The point is that it makes no sense to swap out these pages at all: It
will use disk space and I/O time to page them back in. And all that only
to completely overwrite them.

Usually, the way to go would be to just mmap /dev/zero over them. But the
problem is that this is shared memory and the 'shared' aspect of the pages
must be kept although their current content can be lost until they are
modified next time.

On the other hand, if there is plenty memory at hand, it makes no sense to
replace them with 0000 either. That would only impose CPU overhead when
the pages are copied from the zero-page on write.

>From this point of efficiency, thinking about it, maybe something like
madvise(MADV_DONTCARE) or even madvise(MADV_DONTNEED) (But an application
might rely on other OS's not replacing the contents on MADV_DONTNEED;

As an application coder, I might try to just use madvise() or use a
placebo #define madvise(a,b,c) if the libc doesn't have one.
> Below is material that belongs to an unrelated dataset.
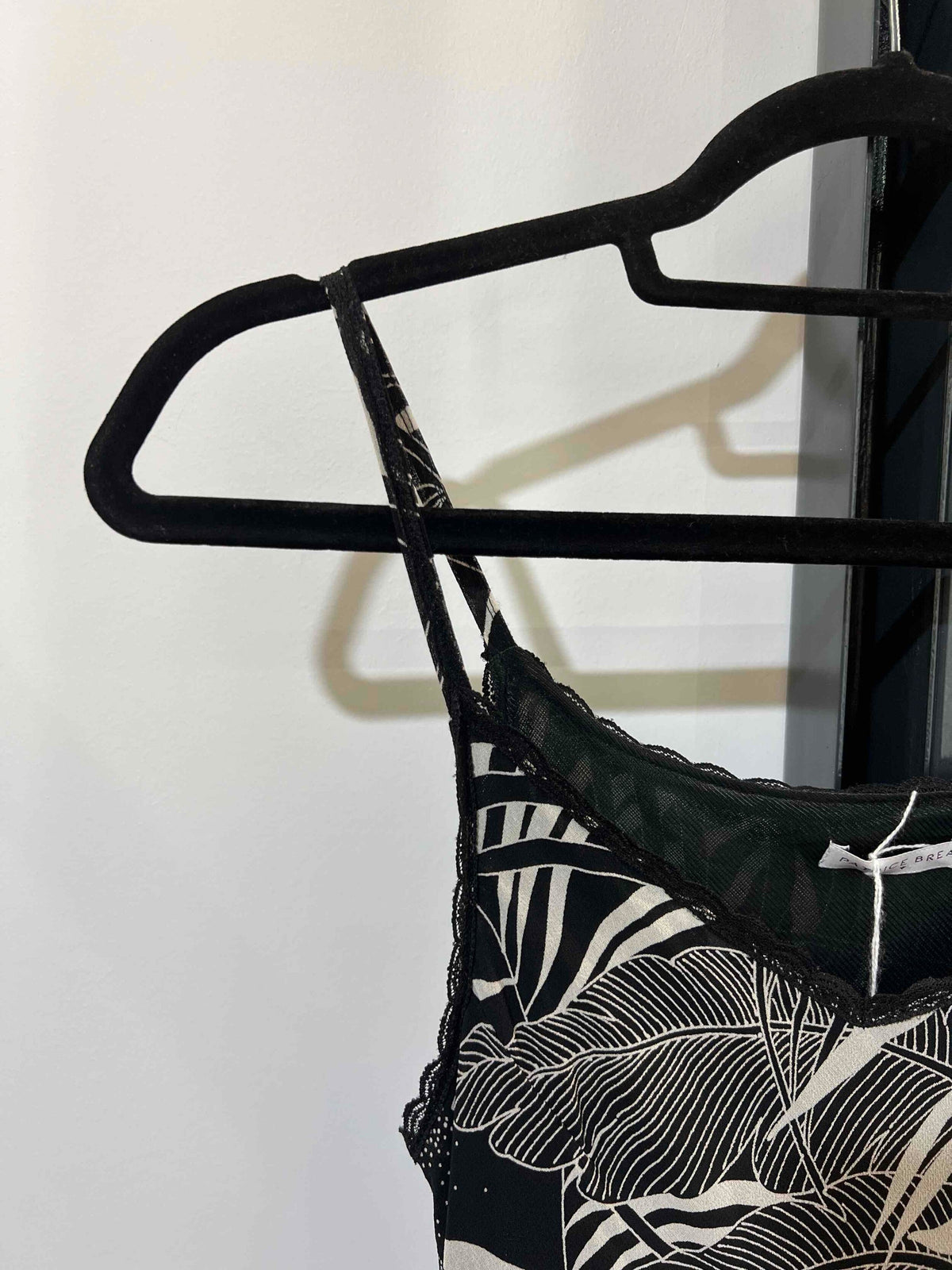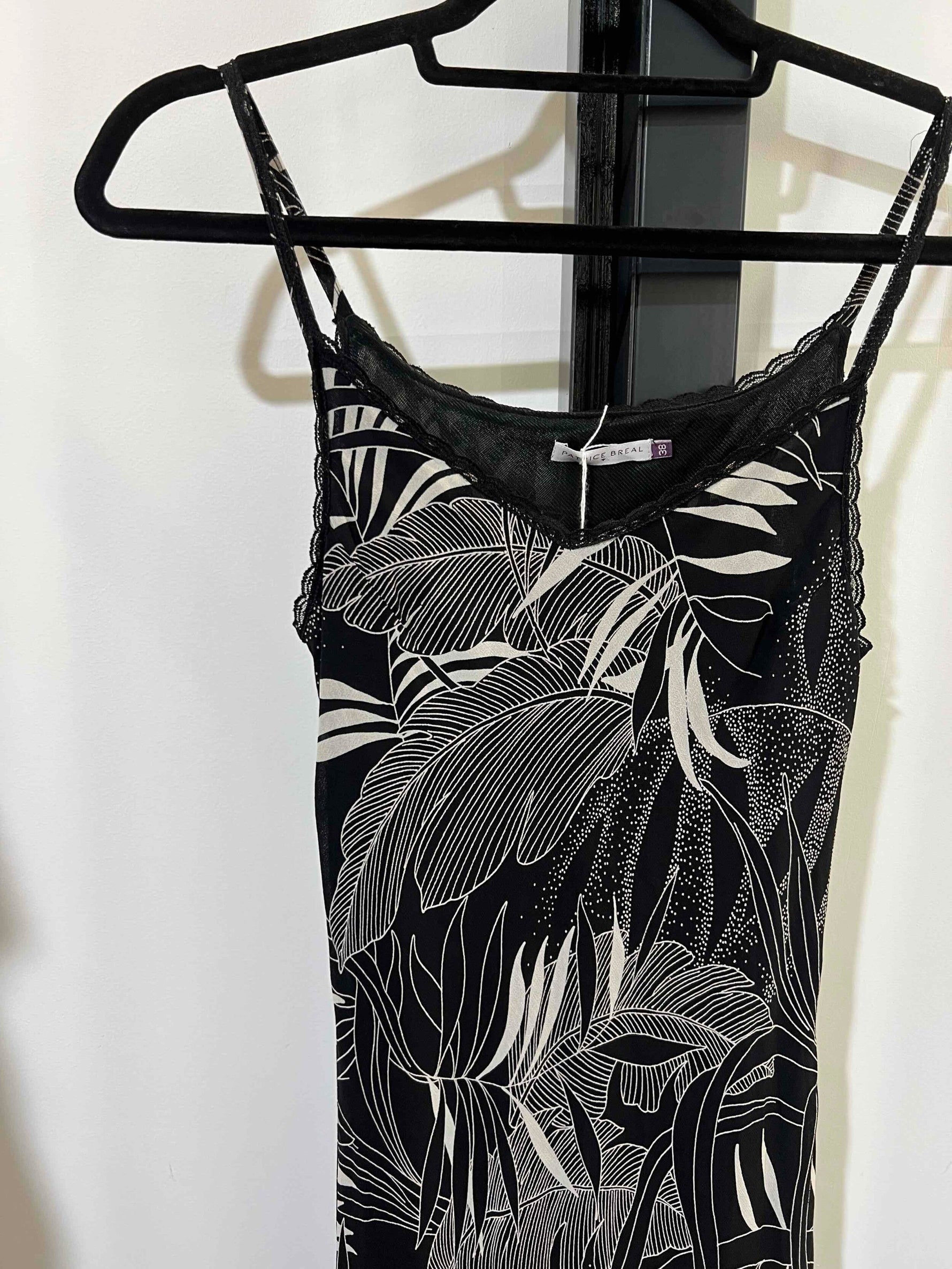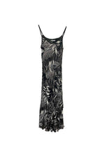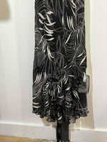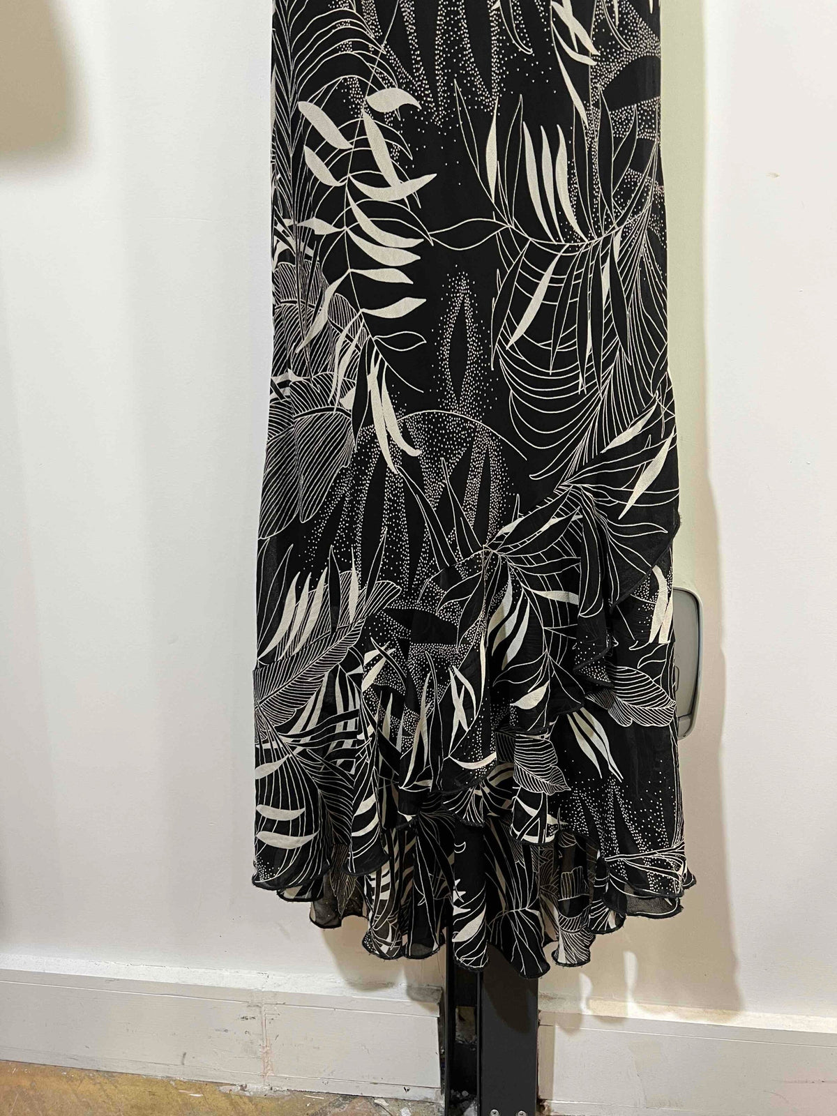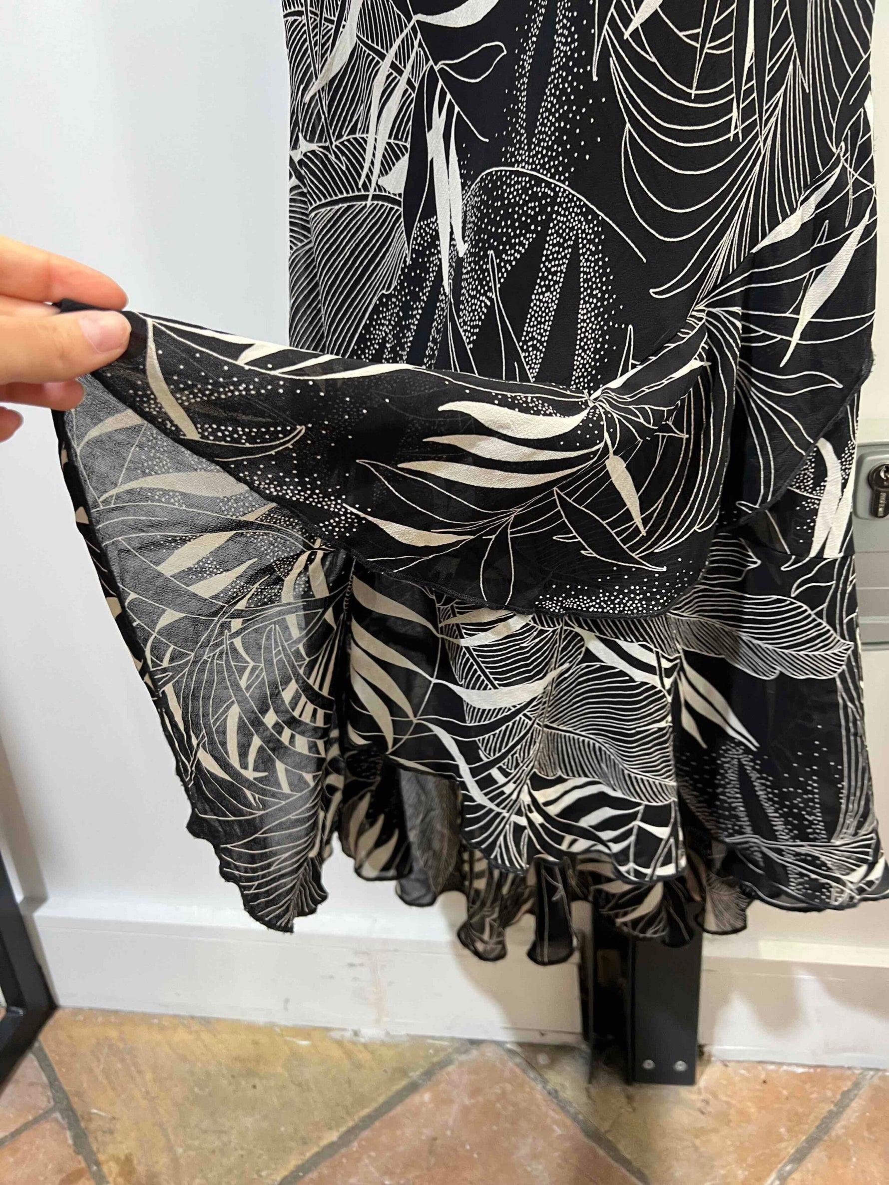Robe spaghettis longue en viscose noire à motif blanc. Taille 38. Coupe fit and flare. Excellent état. Années 90s.

If I were
you, I'd definitely try that. The more I think about this, I think the
existence of these calls implemented on the other systems falsely makes
you think there is any real point in calling them.

It is yet to be shown if the occasional (unneeded) copy-on-write from
zero-page or the occasional (unneeded) page out+in using some very good
and smart I/O system with raid (like you will have on any machine sensible
for SAP) is more overhead.

Anyway, due to the 4GB limit, you'll have to reuse the
madvise(MADV_DONTNEED) interprocess communication buffers over time.
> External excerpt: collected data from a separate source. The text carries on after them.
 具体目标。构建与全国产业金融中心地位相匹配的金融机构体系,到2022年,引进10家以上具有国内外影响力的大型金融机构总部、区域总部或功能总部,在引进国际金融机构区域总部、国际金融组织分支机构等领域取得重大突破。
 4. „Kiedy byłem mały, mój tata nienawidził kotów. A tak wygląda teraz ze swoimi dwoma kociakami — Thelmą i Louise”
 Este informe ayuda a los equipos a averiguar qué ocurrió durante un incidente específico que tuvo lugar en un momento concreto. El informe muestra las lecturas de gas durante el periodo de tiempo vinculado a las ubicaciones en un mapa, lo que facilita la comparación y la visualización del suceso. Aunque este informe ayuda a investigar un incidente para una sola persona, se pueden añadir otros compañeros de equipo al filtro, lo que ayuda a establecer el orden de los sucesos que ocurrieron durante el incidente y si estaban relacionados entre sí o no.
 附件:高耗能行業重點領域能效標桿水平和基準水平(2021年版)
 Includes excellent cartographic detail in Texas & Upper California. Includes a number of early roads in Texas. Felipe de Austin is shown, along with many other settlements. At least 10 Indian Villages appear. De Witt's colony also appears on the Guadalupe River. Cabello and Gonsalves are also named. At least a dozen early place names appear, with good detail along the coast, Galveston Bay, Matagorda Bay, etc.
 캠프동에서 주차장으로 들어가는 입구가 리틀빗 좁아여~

Either you use them so rarely that the page out+in or any multiproc
mmap/munmap overhead does not matter or you use them so often, that any
pageout of OTHER pages to make room for the new pages of a reused
madvise(MADV_DONTNEED) (which make no sense to be just forgotten because
they are then immediately to be replaced by zeropages) does matter soo
much that you'll put in enough memory anywway s.t. the interprocess
communication buffers are not paged out anyway (and then you also benefit
from the now unrequired copy-on-writes from zero-page).

Thinking about that, do you really think just #define madvise(a,b,c) has
any measurable, negative effect on performance in your case? Maybe it is
even faster then replacing the memory with zero pages would be?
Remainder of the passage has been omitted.